▸ **Records shown**
◆ ◆ ◆ ◆ ◆
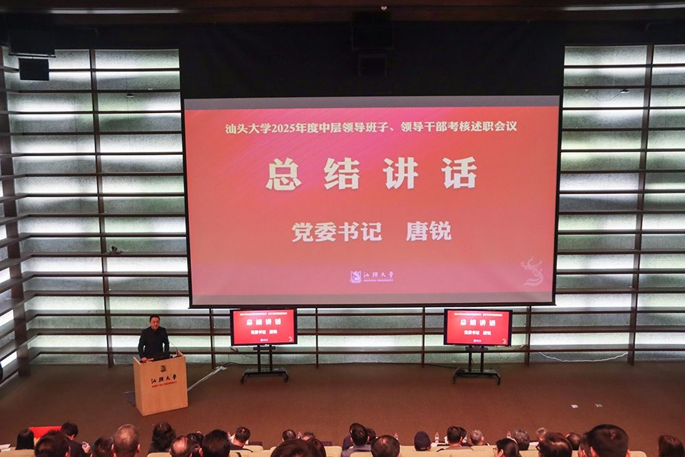 1月19日,汕头大学召开2025年度中层领导班子和领导干部考核述职会议。各单位负责人系统总结2025年工作履职情况,并提出2026年工作目标和任务。校党委书记唐锐作总结讲话。校党委常委、副校长喻洪主持会议。
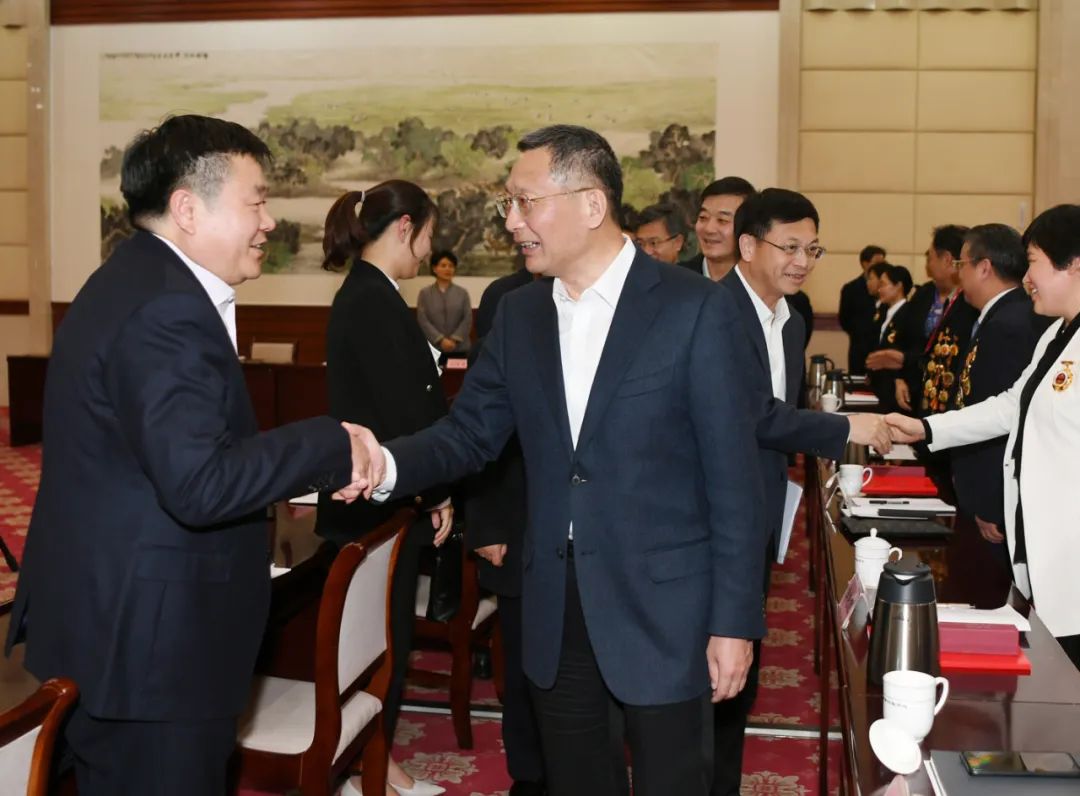 ▲市委书记戴源、市长曹路宝等领导和与会人员亲切握手
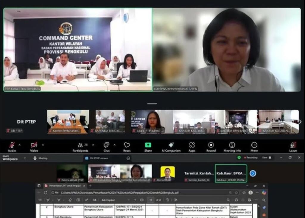 Jakarta – Direktorat Penilaian Tanah dan Ekonomi Pertanahan (PTEP) menggelar rapat koordinasi Perencanaan Kerja Sama Pendetilan Zona Nilai Tanah (ZNT) di Provinsi Bengkulu pada Rabu 3 September 2025 melalui zoom meeting.
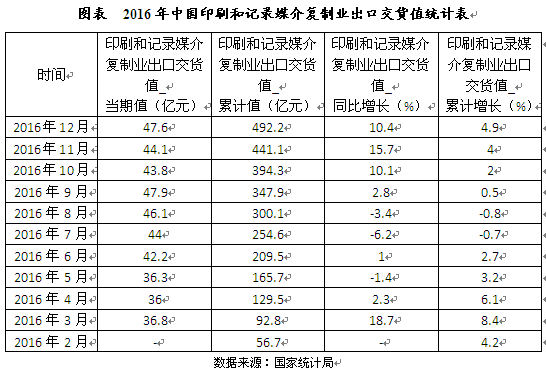 2016年12月中国印刷和记录媒介复制业出口交货值47.6亿元,同比增长10.4%;2016年1-12月中国印刷和记录媒介复制业出口交货值492.2亿元,同比增长4.9%。
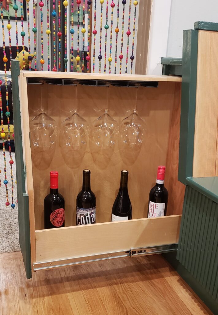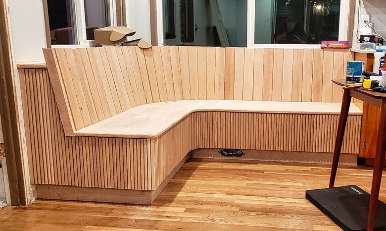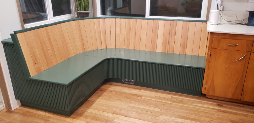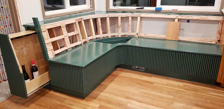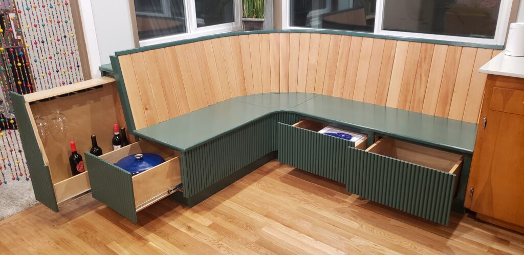 The second problem was that I added 8″ to accommodate the pull-out bar), but I also added 8″ to the opposite side as well (to keep it symmetrical). This not only wasted space, but also made the banquette extend past the kitchen cabinets
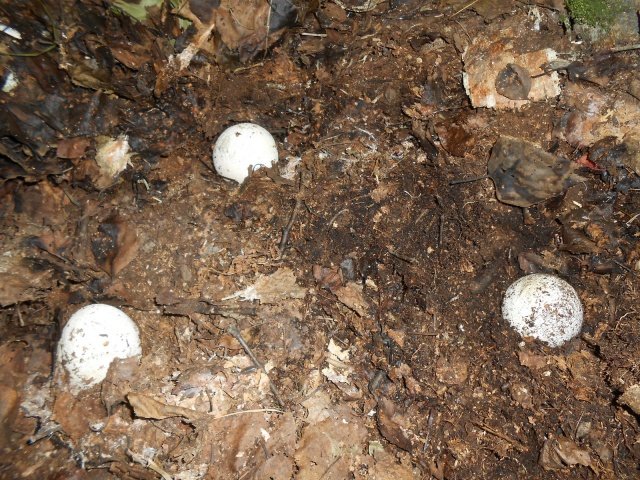нашли одно яйцо и сорвав, упаковали в майонезное ведёрко. Пошарив вокруг минут 10, нашли "гнездо" с ещё тремя яйцами...
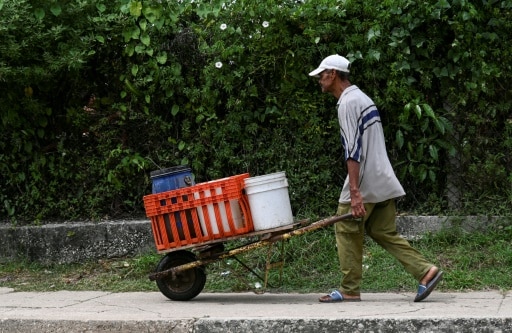 « Si je ne fais pas ça, qu’est-ce que je fais ? Je meurs chez moi de soif et de faim », raconte à l’AFP le retraité en arrivant, haletant et transpirant, dans sa petite maison de bois du quartier de Punta Brava, à 25 kilomètres du centre de La Havane.
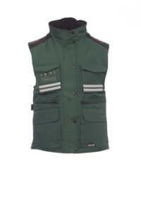 Chaleco ergonómico para mujer, cremallera de plástico de 8 mm con cursor metálico, con tapeta y botones de plástico, capucha extraíble o plegable en el cuello, bandas reflectantes de Color gris en la parte delantera y trasera, corte lateral con fuelle y cremallera, nueve bolsillos exteriores, dos con LOCK SYSTEM, dos con cremallera y parte interior reforzada, uno con soporte plegable para tarjeta de identificación reversible. Interior: acolchado, calentador de micro forro polar en la parte interior del cuello, espalda y zona lumbar, cordón y cremallera interior para facilitar la impresión y el bordado. Composición: 100 % Poliéster. Gramaje: 200 GR/MQ
◆ ◆ ◆ ◆ ◆
▸ **What to produce**
The answer should contain every line of the material exactly as written and no pictures.

▸ **Solution for this task**
 1月19日,汕头大学召开2025年度中层领导班子和领导干部考核述职会议。各单位负责人系统总结2025年工作履职情况,并提出2026年工作目标和任务。校党委书记唐锐作总结讲话。校党委常委、副校长喻洪主持会议。
 ▲市委书记戴源、市长曹路宝等领导和与会人员亲切握手
 Jakarta – Direktorat Penilaian Tanah dan Ekonomi Pertanahan (PTEP) menggelar rapat koordinasi Perencanaan Kerja Sama Pendetilan Zona Nilai Tanah (ZNT) di Provinsi Bengkulu pada Rabu 3 September 2025 melalui zoom meeting.
 2016年12月中国印刷和记录媒介复制业出口交货值47.6亿元,同比增长10.4%;2016年1-12月中国印刷和记录媒介复制业出口交货值492.2亿元,同比增长4.9%。
 The second problem was that I added 8″ to accommodate the pull-out bar), but I also added 8″ to the opposite side as well (to keep it symmetrical). This not only wasted space, but also made the banquette extend past the kitchen cabinets
нашли одно яйцо и сорвав, упаковали в майонезное ведёрко. Пошарив вокруг минут 10, нашли "гнездо" с ещё тремя яйцами...
 « Si je ne fais pas ça, qu’est-ce que je fais ? Je meurs chez moi de soif et de faim », raconte à l’AFP le retraité en arrivant, haletant et transpirant, dans sa petite maison de bois du quartier de Punta Brava, à 25 kilomètres du centre de La Havane.
 Chaleco ergonómico para mujer, cremallera de plástico de 8 mm con cursor metálico, con tapeta y botones de plástico, capucha extraíble o plegable en el cuello, bandas reflectantes de Color gris en la parte delantera y trasera, corte lateral con fuelle y cremallera, nueve bolsillos exteriores, dos con LOCK SYSTEM, dos con cremallera y parte interior reforzada, uno con soporte plegable para tarjeta de identificación reversible. Interior: acolchado, calentador de micro forro polar en la parte interior del cuello, espalda y zona lumbar, cordón y cremallera interior para facilitar la impresión y el bordado. Composición: 100 % Poliéster. Gramaje: 200 GR/MQ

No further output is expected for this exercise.